Summary: My progress through the old episodes of Doctor Who continues. I am now about two-thirds done, which puts me (and the way I started) near the end of William Hartnell's run.
Summary: My progress through the old episodes of Doctor Who continues. I am now about two-thirds done, which puts me (and the way I started) near the end of William Hartnell's run.
BLOT: (02 Oct 2011 - 02:52:51 PM)
When I started catching up on old Doctor Who episodes, my initial method was on a whim serial selection. I would often purposefully bounce around, and when there was a method it was either (a) one that I had recently gottenon DVD or (b) one that somehow tied into the current run on television. A bit back, about a year ago I imagine but I am not sure exactly when, I watched The Key to Time: a 24-episode, 6-serial story arc that made up season 16 of the old series. It featured Mary Tamm as the new companion and fellow Time Lord, Romana, and it had a connected quest to reassemble the eponymous artifact.

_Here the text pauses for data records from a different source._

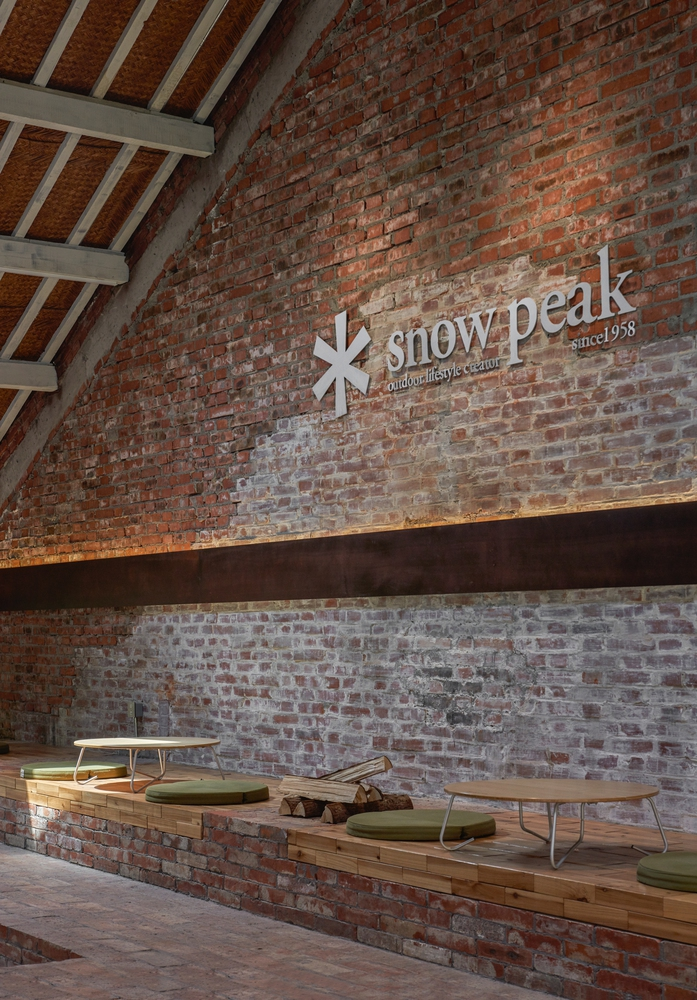 The existing beams, painted white, soften the weight of brick and wood, infusing calm while reinforcing Snow Peak’s aesthetic of nature-inspired minimalism.
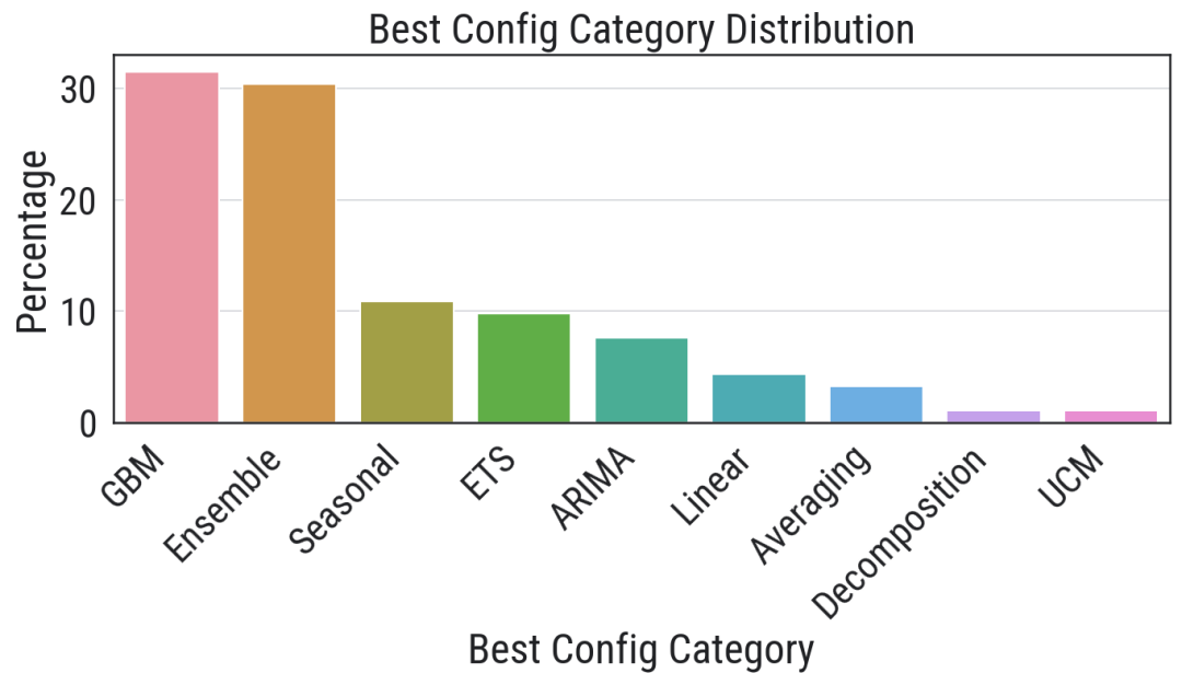 图 4:系统发现的成功预测方法的分布。梯度提升方法(GBM)和集成方法在各种预测任务中是最常成功的策略。
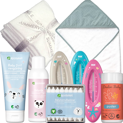 Många bebisar älskar att bada, helst i ljummet vatten. Kolla att det är lagom varmt (ca 37°) med termometern. Baby 2-i-1 rengör varsamt, några droppar babyolja gör huden mjuk och len och badcapen får den lilla att se ut som en superhjälte efter badet. Tvättlappar och bomullspinnar ingår.
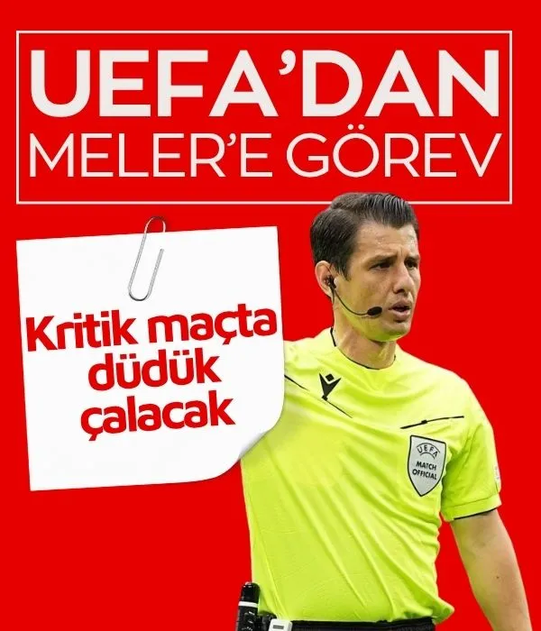 İtalya'nın Roma şehrindeki Olimpiyat Stadı'nda TSİ 22.00'de başlayacak olan mücadelede Meler'in yardımcılıklarını Abdullah Bora Özkara ve Bersan Duran üstlenecek.
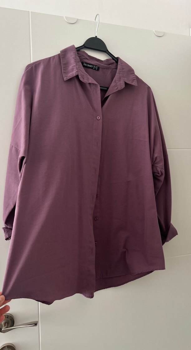 Mor renginde, düğmeli, uzun kollu ve yakalı, satenimsi dokuda, salaş kesim kadın midi gömleği. Rahat ve günlük kullanım için uygun.
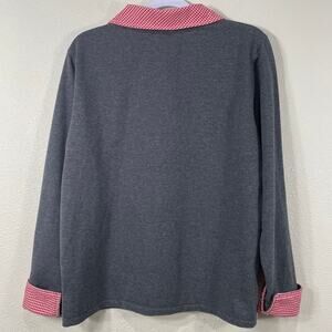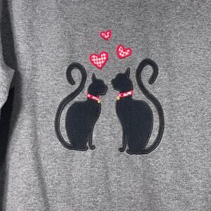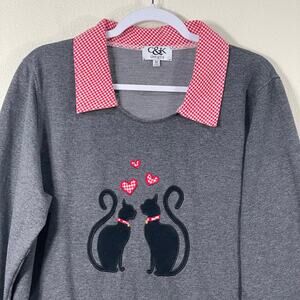 Vintage 90s Y2k Gray Red Gingham Collared Black Cats Hearts Novelty Sweatshirt M
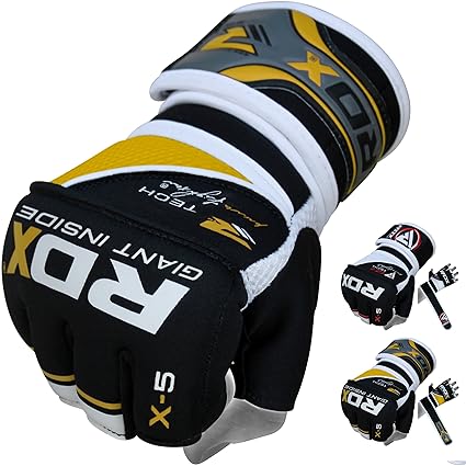 ?Elastische und synthetische Maya Hide Konstruktion?RDX MMA-Handschuhe sind mit 100% echtem Maya-Hide-Leder verstärkt, um eine überlegene Qualität zu gewährleisten. Unsere MMA Handschuhe sind unübertroffen und echtes Material hilft perfekt bei Mixed Martial Arts, beim Training oder Boxen. Es hilft dir sehr viel, wenn du dich mit den gleichen Handschuhen ausrüstest. Die Lederqualität bietet eine bessere Tragbarkeit, Rissbeständigkeit, Verschleißfestigkeit und mehr.
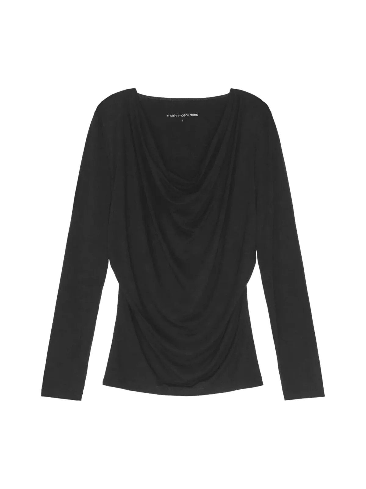Design: Gevoerde zoom/rand; Materiaal: Jersey; Halstype: Watervalhals; Motief: Effen; Details: Gedrapeerd; Extra's: Voelt zacht aan; Lengte: Lang/maxi; Pasvorm: Normale pasvorm; Armlengte: Lange mouw; Pasvorm: Regular; Lengte: Normale lengte
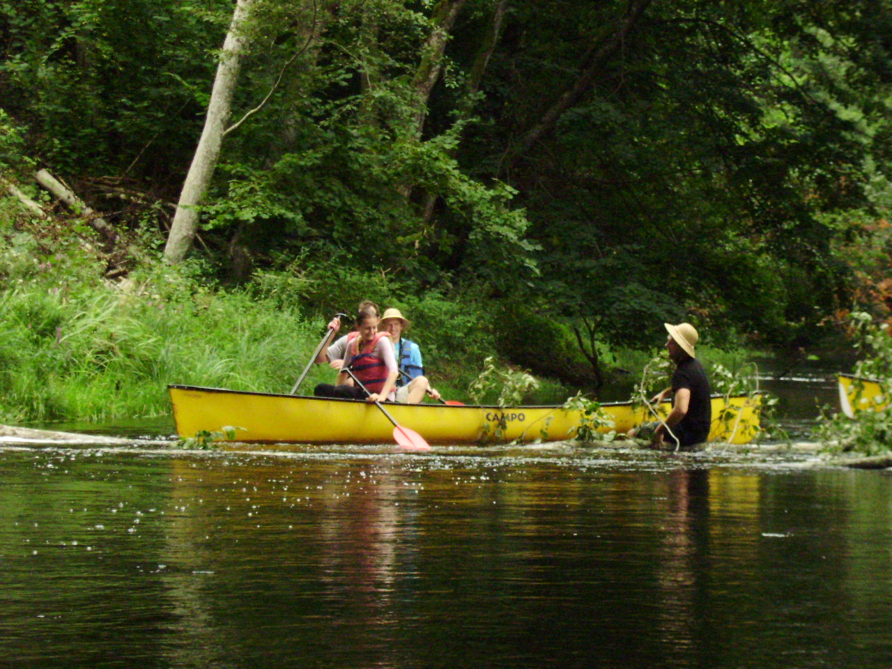 Stūrēju, pēc tam nesu (apkārt dzirnavām) un viņā pusē golgāta turpinājās. Zari, stumbri, barjeras, pāris bebru, dusmīgas, iztraucētas pīles, lietus, piparmētru smarža gar krastiem un visbeidzot…pamatīgs blīkšķis un trieciens pret Kaspara laivu, kas pēkšņi bija iznirusi aiz līkuma.
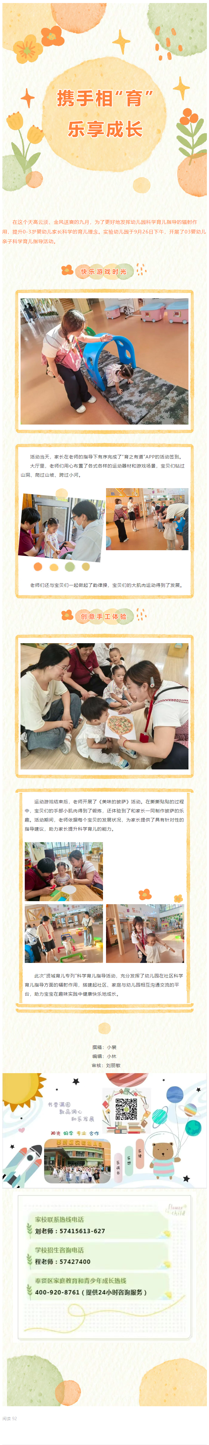 携手相“育”,乐享成长 ——奉贤区“贤城育儿专列”之实验幼儿园科学育儿指导活动
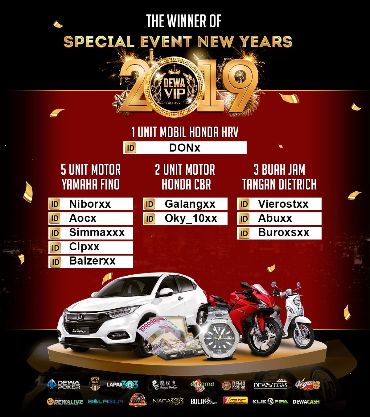 PEMENANG EVENT ANNIVERSARY VIPCLUB88 KE 9
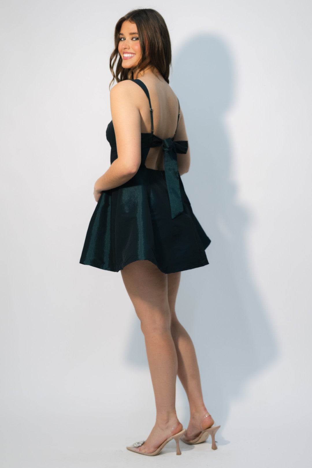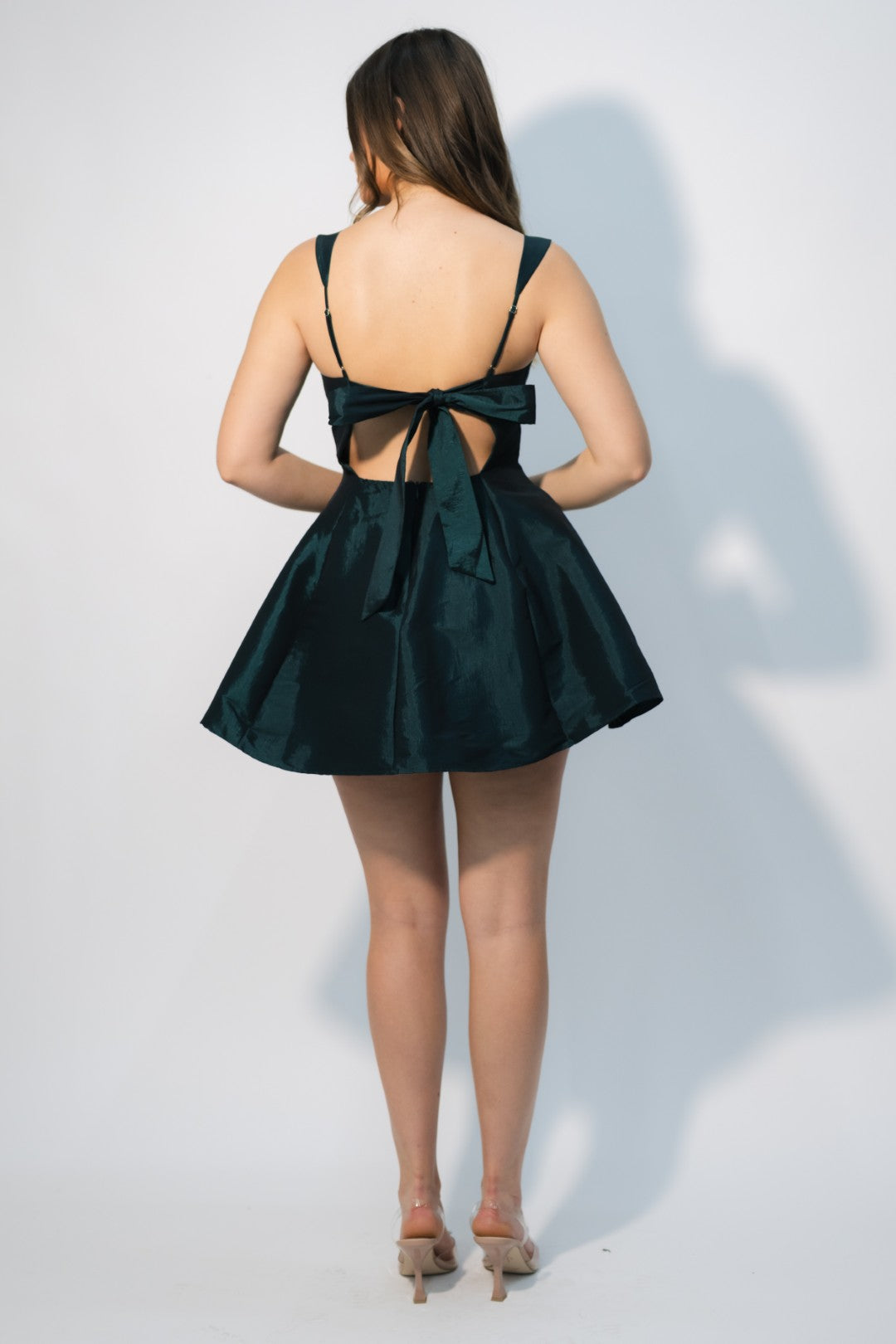 The Candace Mini Dress – Hunter Green is the perfect mix of flirty and sophisticated. Designed in a rich, iridescent hunter green fabric, this mini features a structured square neckline, a fitted bodice, and a playful flared skirt that moves beautifully. The open back with a statement bow adds just the right amount of drama for the holiday season.
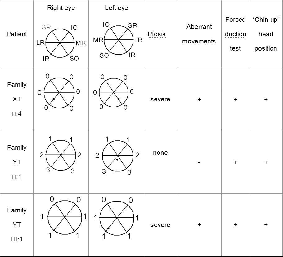 MR=medial rectus; SO=superior oblique; IO=inferior oblique. The presence of ptosis, aberrant eye movements, forced duction
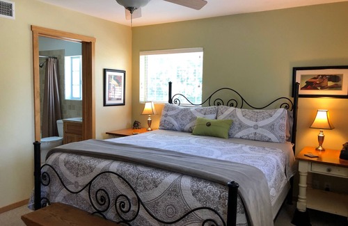 This is a two story guest house on the back of a quiet property. The owners live in the front and are available to help address any issues you may have. Guesthouse includes a kitchenette (there is no oven) and washer/dryer for your use in the attached garage. There is a master bedroom and a loft area (as second bedroom) please review all pictures. This is a fun, warm, cozy private home with access to a pool and Jacuzzi right outside your door. If your party is larger than 5 people you have access to a high quality inflatable mattress that comfortably sleeps another guest for a maximum of 8 guests. Please note that depending on the season the pool may have leaves in it. We have a dedicated pool person that comes on Tuesday but winds do kick up and blow leaves into the pool from time to time. We do our best to keep it clean, weather permitting.
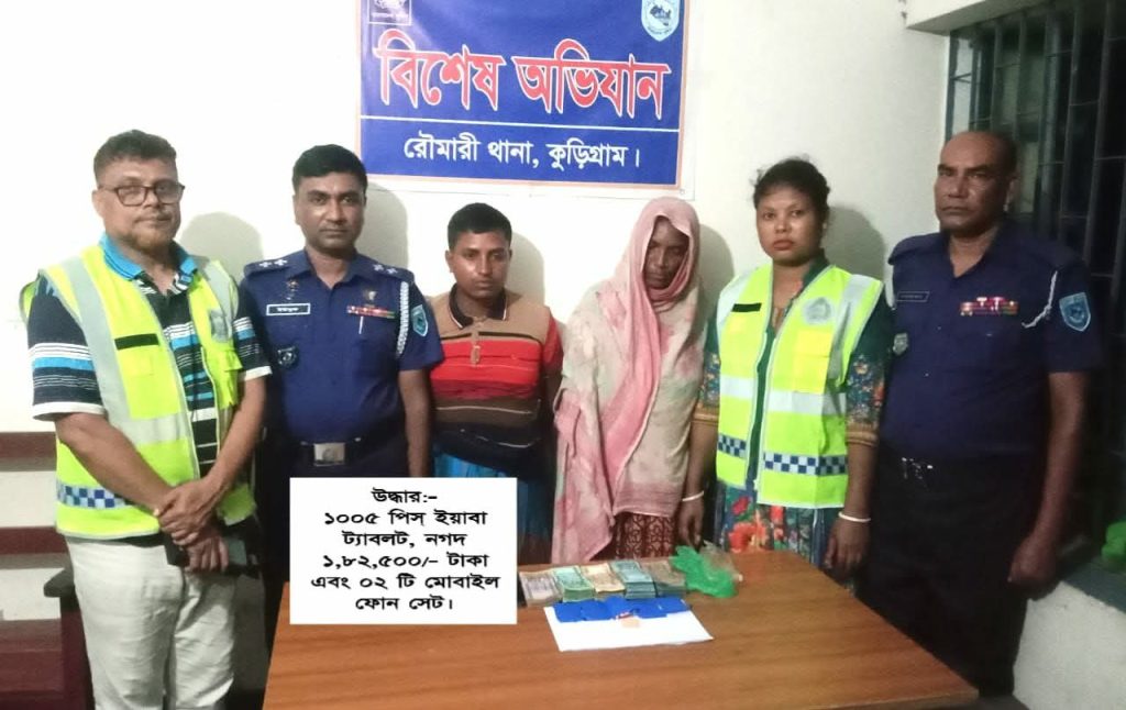রৌমারীতে ১ হাজার ৫ পিস ইয়াবা,নগদ টাকাসহ জামাই শ্বাশুরী আটক
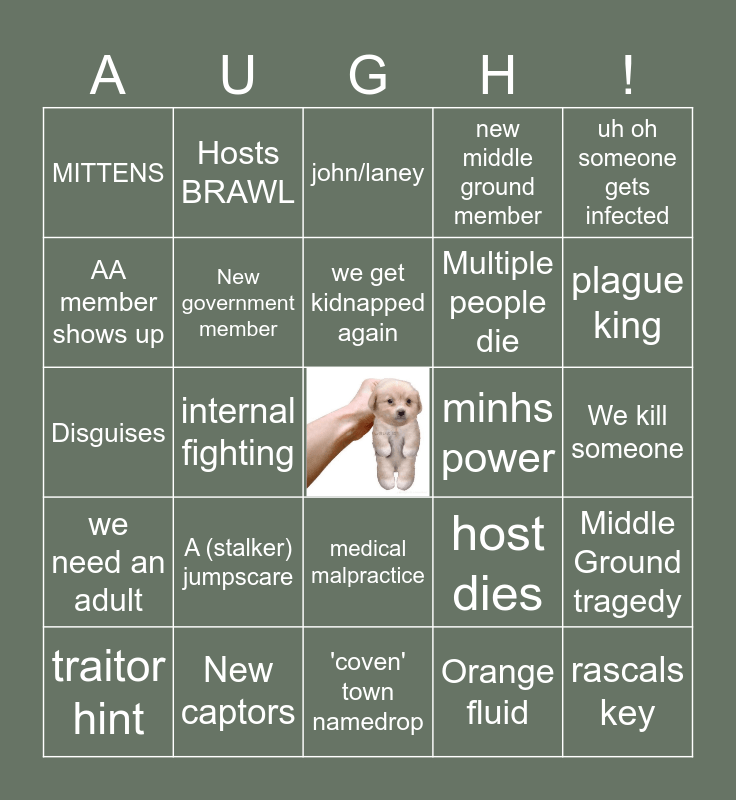 This bingo card has a free space and 37 words: divorce settlement, AA tragedy, UNGNE tragedy, New government member, Middle Ground tragedy, A (stalker) jumpscare, we get kidnapped again, zookeeper reveal, uh oh someone gets infected, plague hivemind, internal fighting, new middle ground member, rascals key, We kill someone, AA member shows up, we need an adult, jangles, john/laney, medical malpractice, minhs power, MITTENS, plague king, traitor hint, 'coven' town namedrop, Animals escape zoo, Orange fluid, Hosts BRAWL, Among us, Gang gets separated, Someone goes missing, Yaoi/Yuri, New captors, Disguises, Someone DIES, host dies, Multiple people die and Someone snaps.
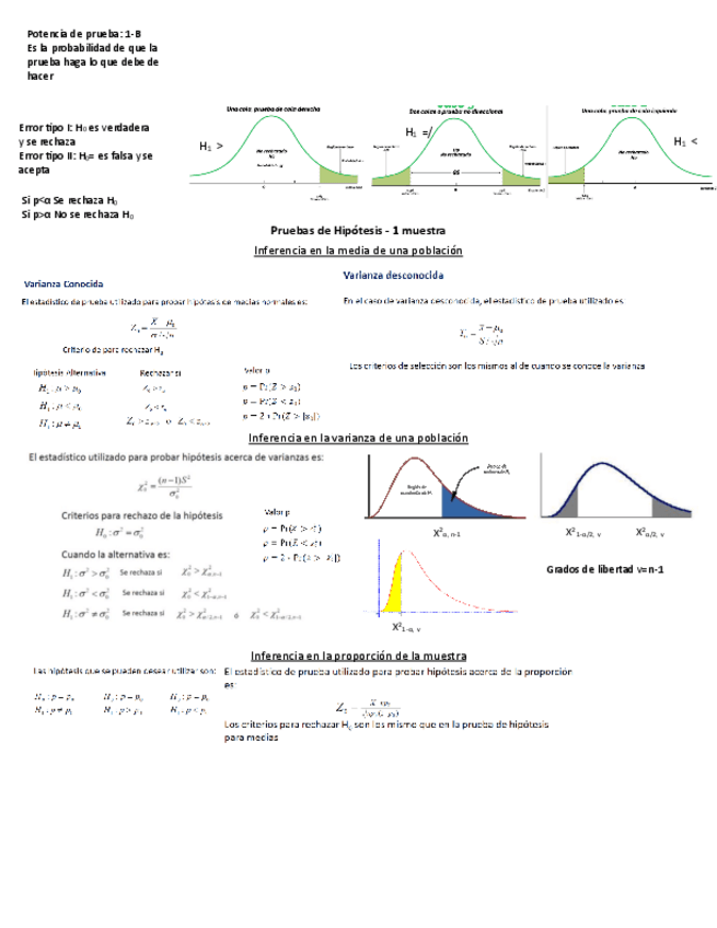 Formulario de Métodos Inferenciales de pruebas de hipótesis de una y dos muestras

Since then, I have watched the old series from serial to serial, season to season, in order, with a few exceptions, and have made from season 16 to 26 and then went back and looped around to season 1 and have watched it and most of season 2. Combined with the previous episodes watched more haphazardly, this puts me at watching about 100 of the original 159 (give or take a Shada) serials. Now, keep in mind that many of the "serials" (some prefer to use the term episodes and parts rather than serials and episodes, whichever works for you) in the older seasons were longer in episode count. The Dalek Masterplan had twelve episodes. I cannot think of one past the time of Tom Baker, and the aborted Shada, that had more than four. In fact, towards the end there were several that only had two or three episodes. So while my individual story count is about the two-thirds mark, my actual episode count is more likely about the half.
As a side note, since I am now entering into the third season, I am coming upon the first sizable chunk of stories to have no video component, or only a small amount of video components, left surviving the BBC archive purge. Which means that I'll listen to three or four serials in a row as audio only, punctuated by occasionally video ones. Throughout Troughton's tenure as the secondard incarnation, this will only become more pronounced. By the time I get to Pertwee, it will be mostly visual. By the time of Tom Baker, it will be entirely visual, but then after about three seasons (of which I have watched half already) I will be done and will either restart or relegate myself back to random incursions into old-Who-ville.